SUPPLIED DATA:

***

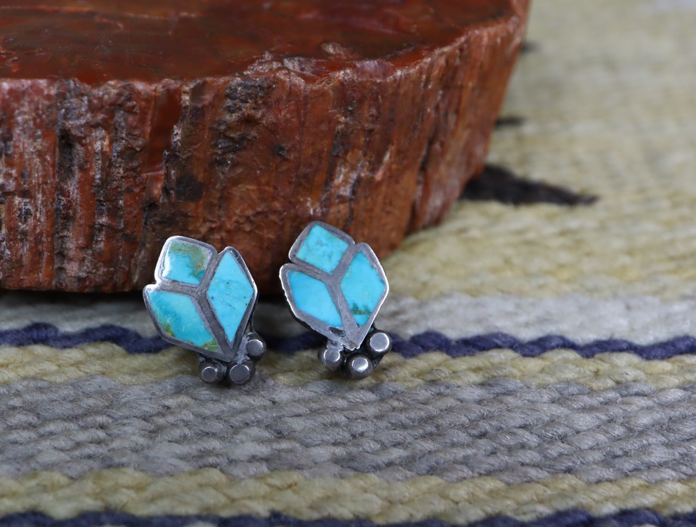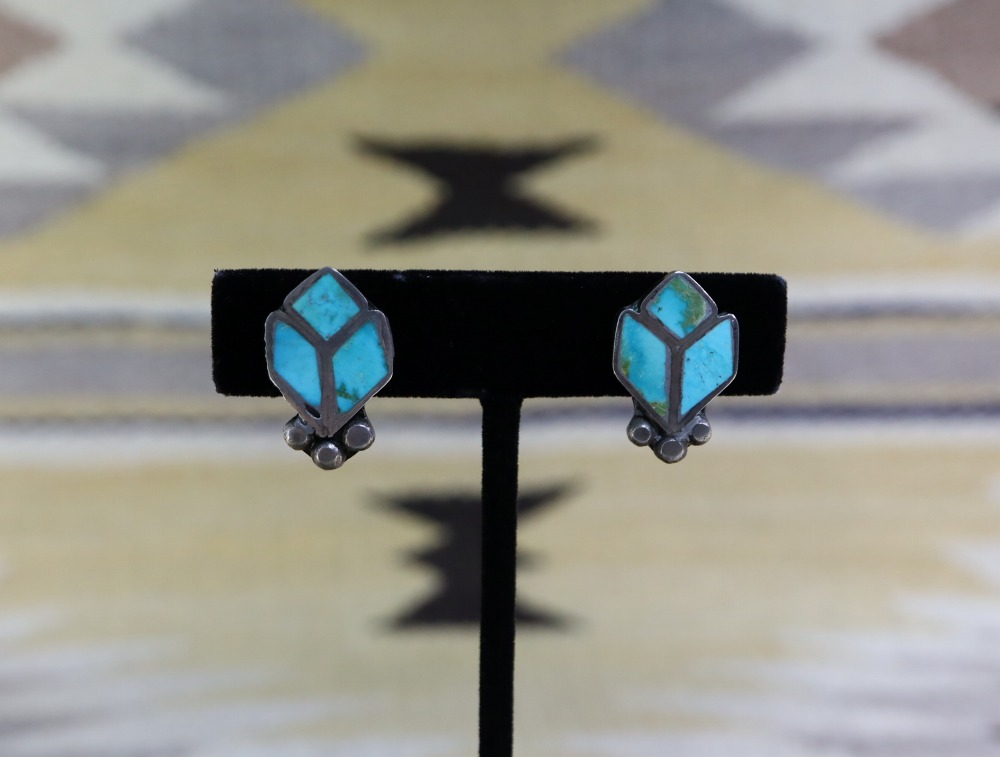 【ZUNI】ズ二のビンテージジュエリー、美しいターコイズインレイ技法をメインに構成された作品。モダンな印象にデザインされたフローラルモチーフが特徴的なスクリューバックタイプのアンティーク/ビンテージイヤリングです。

***

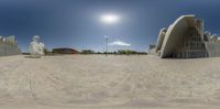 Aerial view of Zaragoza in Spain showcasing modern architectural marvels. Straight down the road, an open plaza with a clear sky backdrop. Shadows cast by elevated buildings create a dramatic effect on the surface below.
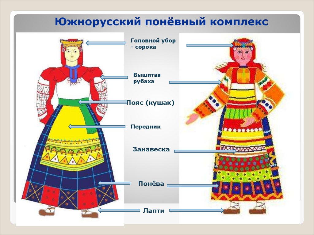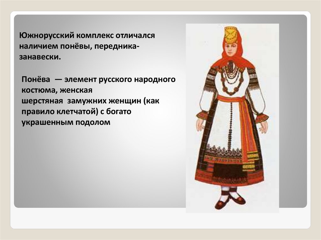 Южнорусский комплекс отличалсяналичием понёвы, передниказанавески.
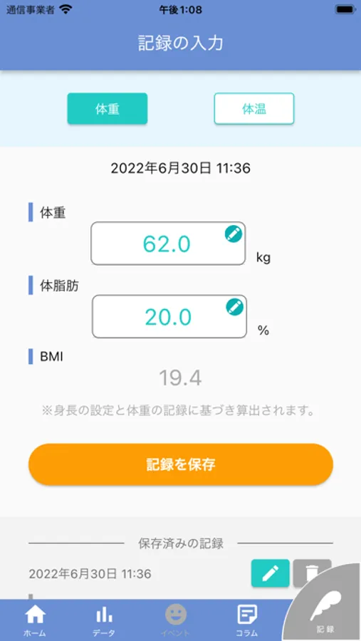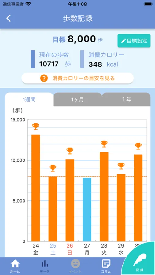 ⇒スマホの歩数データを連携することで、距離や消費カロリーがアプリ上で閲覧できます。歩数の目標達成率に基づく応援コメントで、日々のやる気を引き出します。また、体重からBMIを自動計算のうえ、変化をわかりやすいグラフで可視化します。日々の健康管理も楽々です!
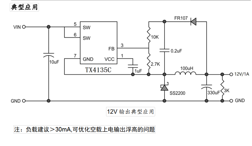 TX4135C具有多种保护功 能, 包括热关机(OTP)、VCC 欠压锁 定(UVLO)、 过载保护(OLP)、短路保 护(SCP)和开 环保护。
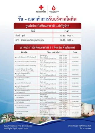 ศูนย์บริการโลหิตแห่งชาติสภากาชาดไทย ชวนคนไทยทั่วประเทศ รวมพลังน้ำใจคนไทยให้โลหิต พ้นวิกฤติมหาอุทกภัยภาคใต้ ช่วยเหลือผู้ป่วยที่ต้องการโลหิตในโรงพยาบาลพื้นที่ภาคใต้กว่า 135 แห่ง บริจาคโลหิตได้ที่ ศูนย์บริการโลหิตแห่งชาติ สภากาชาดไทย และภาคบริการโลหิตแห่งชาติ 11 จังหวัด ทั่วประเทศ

***

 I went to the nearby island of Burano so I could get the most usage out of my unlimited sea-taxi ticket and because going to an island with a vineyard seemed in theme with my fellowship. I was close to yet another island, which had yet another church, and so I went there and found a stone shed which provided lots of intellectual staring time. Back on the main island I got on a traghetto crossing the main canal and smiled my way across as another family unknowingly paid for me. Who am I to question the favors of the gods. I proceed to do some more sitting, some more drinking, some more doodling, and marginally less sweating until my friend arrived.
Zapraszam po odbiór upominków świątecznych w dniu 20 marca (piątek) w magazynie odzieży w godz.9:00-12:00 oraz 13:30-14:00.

***

WHAT NEEDS TO BE DONE: Starting at the line above that contains "Южнорусский комплекс отличалсяналичием", transcribe every line exactly through the line that contains "TX4135C具有多种保护功 能, 包括热关机(OTP)、VCC", including that last one, and skip the pictures.

EXERCISE SOLUTION:
 Южнорусский комплекс отличалсяналичием понёвы, передниказанавески.
 ⇒スマホの歩数データを連携することで、距離や消費カロリーがアプリ上で閲覧できます。歩数の目標達成率に基づく応援コメントで、日々のやる気を引き出します。また、体重からBMIを自動計算のうえ、変化をわかりやすいグラフで可視化します。日々の健康管理も楽々です!
 TX4135C具有多种保护功 能, 包括热关机(OTP)、VCC 欠压锁 定(UVLO)、 过载保护(OLP)、短路保 护(SCP)和开 环保护。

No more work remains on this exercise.